Either way, I could spend hours breaking down why the 49ers pull this one out. But the number one key is the defensive front. Offensive efficiency and special teams are key factors, but as the G-Men proved last week against the NFL’s best team: Offense gets you the girl, but Defense lands the trophy wife. So we move on to the blood and guts.
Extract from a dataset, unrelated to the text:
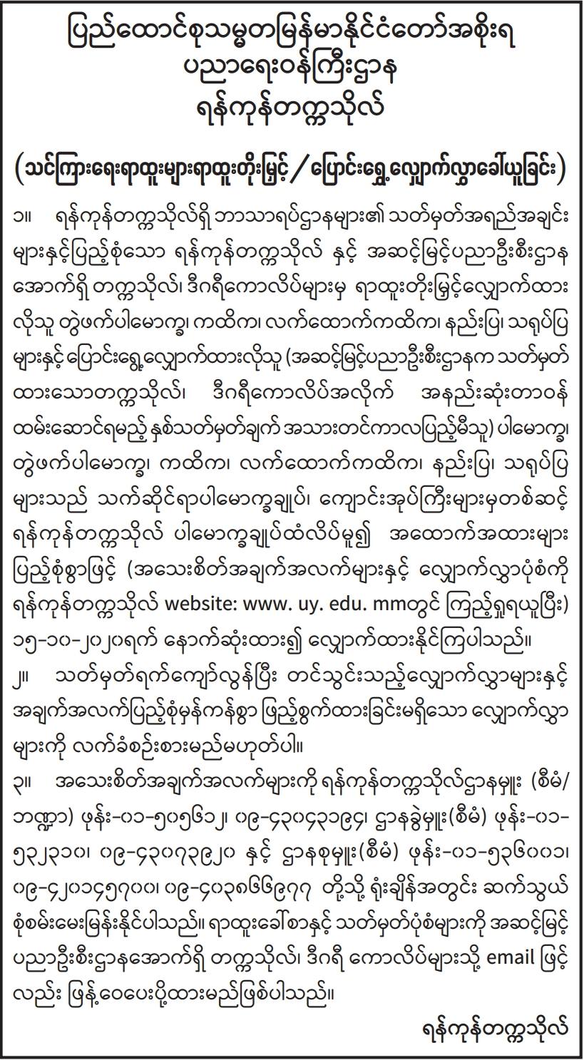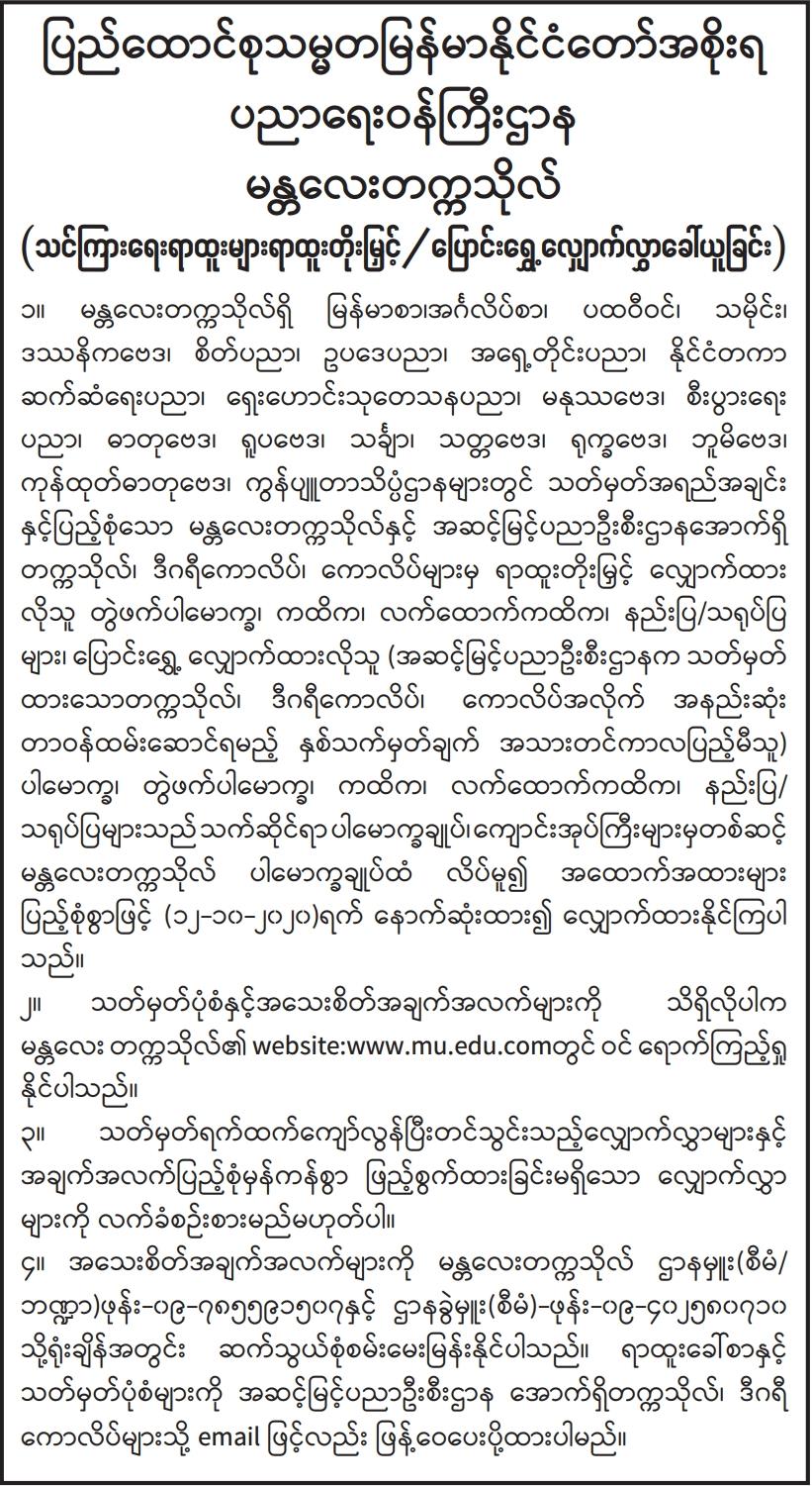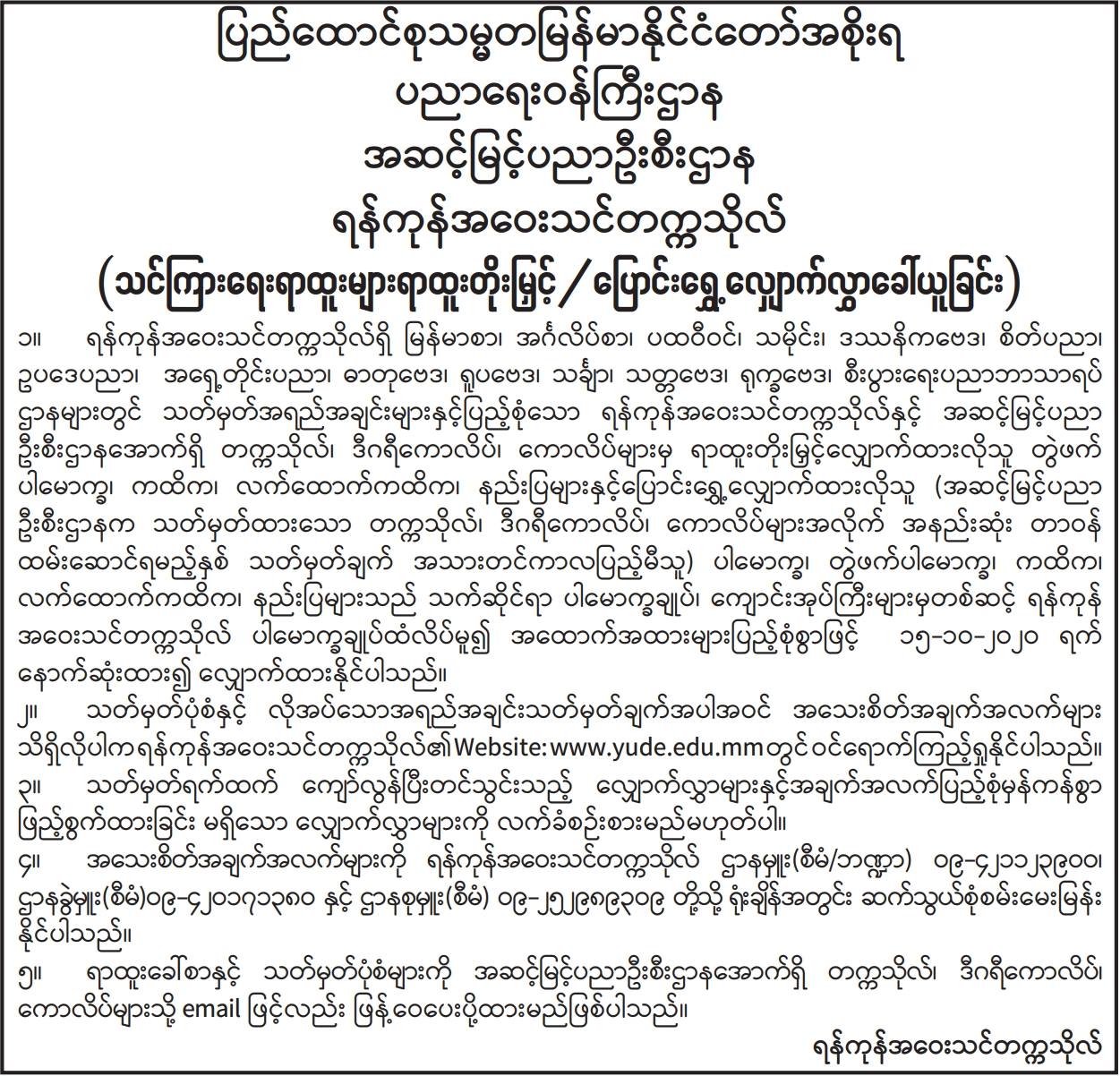 အစိုးရနည်းပညာအထက်တန်းကျောင်း(ကလေး)နှင့် အစိုးရနည်းပညာအထက်တန်းကျောင်း(တမူး)တို့အတွက် တည်ဆောက်ရေးလုပ်ငန်းများဆောင်ရွက်ရန် အိတ်ဖွင့်တင်ဒါခေါ်ယူခြင်း Type: တင်ဒါကြေညာချက်များ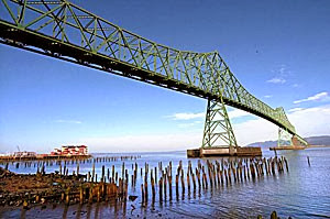 Today we crossed the Astoria bridge from Washington into Oregon. Days with a state crossing are always exciting but the Astoria bridge adds an extra frisson. It is 4 miles long with narrow lanes and no shoulder to hide in, so the car drivers either get VERY p*%^#^d off waiting behind you or decide to squeeze past. Neither is much fun. Just for good measure, in the middle of the bridge, there is a bloody great hill. Everyone survived and we then had a fun half hour in the bike shop replacing all the lightweight racing tires with something more suited to 1600 miles of riding in the gutter. You might wonder, as did I, why they didn’t fit these from the outset as recommended in the bumpf we sent out months ago ;-).

New York Defense: The last time NYG visited Candlestick in November, they were without both supremely talented defensive ends Justin Tuck and Osi Umenyiora. This presents a slight challenge, as Osi basically made MVP Aaron Rodgers lay down and play dead for 3 quarters. Alex Smith is not Aaron Rodgers. Suffice to say with the game on the line, Smith won’t be running a naked bootleg like he did on New Orleans. Giant’s lost by 7 on a 49er goal line stand. This one will be closer, mainly because of 2 superfreak exterior defensive lineman. Keep an eye out.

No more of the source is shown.